To the point, Peter Hitchens has penned a well-written, yet troubling article on England’s move to review home education in Great Britain.  This review has a preconceived end in mind and is not at all interested in truly understanding the breadth of excellence resulting in home education.  Here is a sample of Hitchens’ notable quotes, though I heartily recommend its full digestion, for America has the unusual knack of following Europe on societal and philosophical matters:

Why should [the Parliamentary Under Secretary of State for Children, Young People and Families] be less than keen on home education? Why is she even interested in it?  English law since 1944 has allowed parents to educate their children at home without any state interference at all.
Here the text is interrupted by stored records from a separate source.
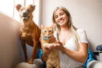 Nosotros tenemos un perro, y ustedes tienen dos gatos. (a) gatos son Manchas (Spots) y Rayas (Stripes).
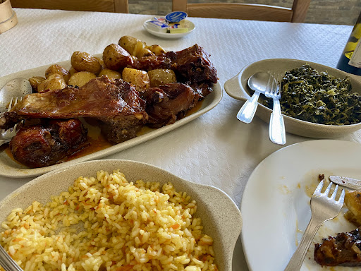 Sentamo-nos, pedimos as coisas. Vieram sopas. Ainda havia pessoas a comer a sopa (que tinha chegado minutos antes) e já estavam a atolhar a mesa com os pratos pedidos. Gestão da cozinha: zero! As carnes embora fossem agradáveis e bem temperadas, eram todas acompanhadas por umas batatas meio cozidas meio assadas, sem paladar nenhum. Faço batatas assadas bem melhores, e sou de longe expert na matéria. Veio também arroz, esse menos mau, mas vinha pouco quente, sinal de arroz aquecido e não feito na hora.
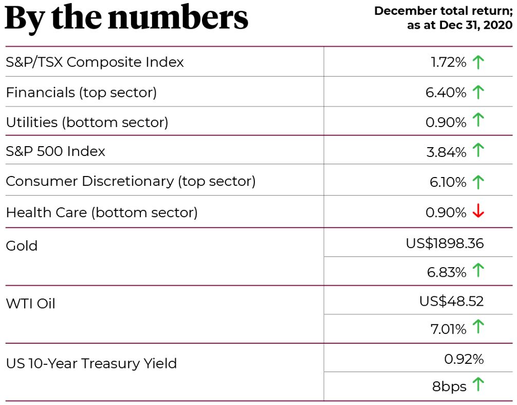 By the numbers displays total returns for the month of October, 2020. The content of this document is for informational purposes only, and is not being provided in the context of an offering of any securities described herein, nor is it a recommendation or solicitation to buy, hold or sell any security. The information is not investment advice, nor is it tailored to the needs or circumstances of any investor. Information contained in this document is not, and under no circumstances is it to be construed as, an offering memorandum, prospectus, advertisement or public offering of securities. No securities commission or similar regulatory authority has reviewed this document and any representation to the contrary is an offence. Information contained in this document is believed to be accurate and reliable, however, we cannot guarantee that it is complete or current at all times. The information provided is subject to change without notice.

In this, we are quite unlike Germany, for instance, where it is a criminal offence to do this – a law, I believe, dating from 1938, when Hitler wanted everyone brought up as a National Socialist,   but somehow not repealed by the new Germany.  …

… Certainly the home education movement is largely Christian, and Christian in a pretty uncompromising and Protestant way – that’s why it has rejected state schools from which Christianity has been expelled thanks to an absurd misreading of the US Bill of Rights. Roman Catholics tend to use the network of parochial schools instead. But the education achievements of homeschoolers have been considerable, and they regularly capture many of the best scholarships at Ivy League universities. There are also a lot of them, sharing many non-school activities, which disposes of the cliche (invariably trotted out by opponents, and based on nothing)  that home-schooled children do not have any social contact with others of their own age. What they do have is much more contact with adults who think it worthwhile to say ‘no’ to them when it matters, who read to them and converse with them and teach them morals and manners. But let that be, I’m sure we’ll have a chance to debate this.

What the modern left really don’t like about homeschooling is that it is independent of the state, and threatens its egalitarian monopoly from below. If it became a mass movement, it would be very dangerous to their project of enforcing equality of outcome, while using the schools to push radical ideas on sex, drugs, morality and politics.